Abby hugged her friend, but she knew they weren’t out of the woods yet. Thankfully the birth had gone well with no complications but neither she nor Gladys felt confident to cut the umbilical cord, and Gladys had murmured something about the placenta needing to come away. They couldn’t expect Rowena back with the midwife for at least another hour or so, and that was if Mrs Potts was able to come straightaway.
 
Abby was just deciding she had to take the bull by the horns and do the necessary when the door burst open and Rowena flew into the room. Her eyes widened. ‘You’ve had it?’ she said. ‘Oh, Winnie.’ And then she added, looking at Abby, ‘I’ve had some wonderful luck. I met some GIs on the way and I flagged them down.
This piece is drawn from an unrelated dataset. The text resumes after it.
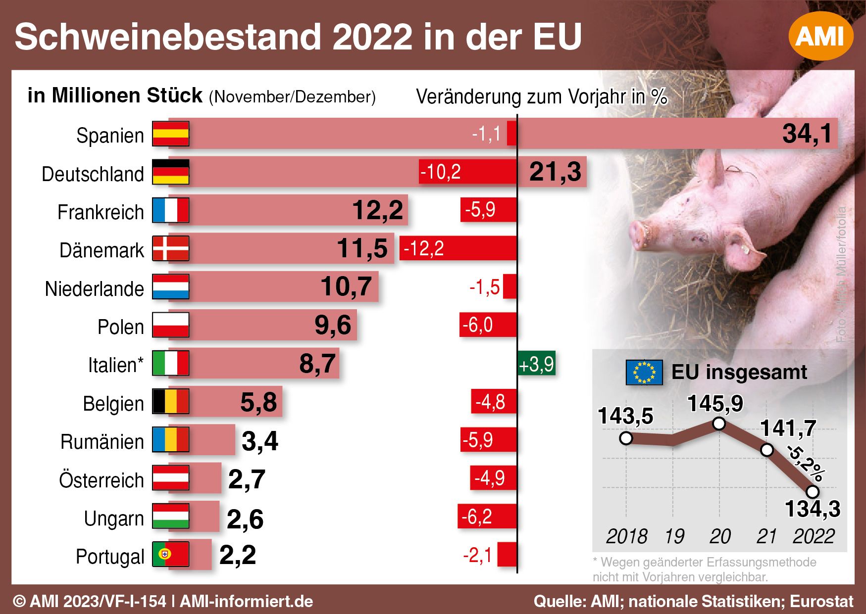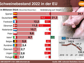 Deutlich gesunken sind die europäischen Schweinebestände. Das belegen die Ergebnisse der aktuellen Viehbestandserhebungen. Die Zahl aller in der EU gehaltenen Schweine verringerte sich innerhalb von einem Jahr um 7,4 Mio. Tiere. Spitzenreiter mit rund einem Viertel aller europaweit gehaltenen Schweine ist mit deutlichem Abstand Spanien, obwohl sich auch dort die Schweineherde leicht reduzierte. Die einzige Zunahme unter diesen Ländern bei Italien erklärt sich durch eine neue Erhebungsmethodik, dadurch sind die Ergebnisse nicht mit den Vorjahren vergleichbar.

I was going to ask them to run me into the village but it turns out one of them is a doctor and he’s offered to come and help.’ She turned her head to the door, saying, ‘Yes, come in, come in. She’s had the baby.’
 
Rowena was inviting an
American
into the farmhouse? For a second Abby reacted as though Farmer Tollett was still alive. Next to the Germans and the Italians Gladys’s husband had hated the Americans, declaring no English woman was safe within ten miles of a GI, and nothing his long-suffering wife or any of them could say would convince the farmer otherwise. The American base some miles away was never mentioned, neither were the parties the friendly GIs threw for all the local children, where ice cream, chocolate, bananas, oranges and other wartime rarities were apparently freely available. Farmer Tollett had demanded that the three girls give their word that they wouldn’t fraternise with the GIs in any way, and because they liked as well as respected the man, and knew that in his misguided way he had their best interests at heart, they had agreed. But all that was null and void now.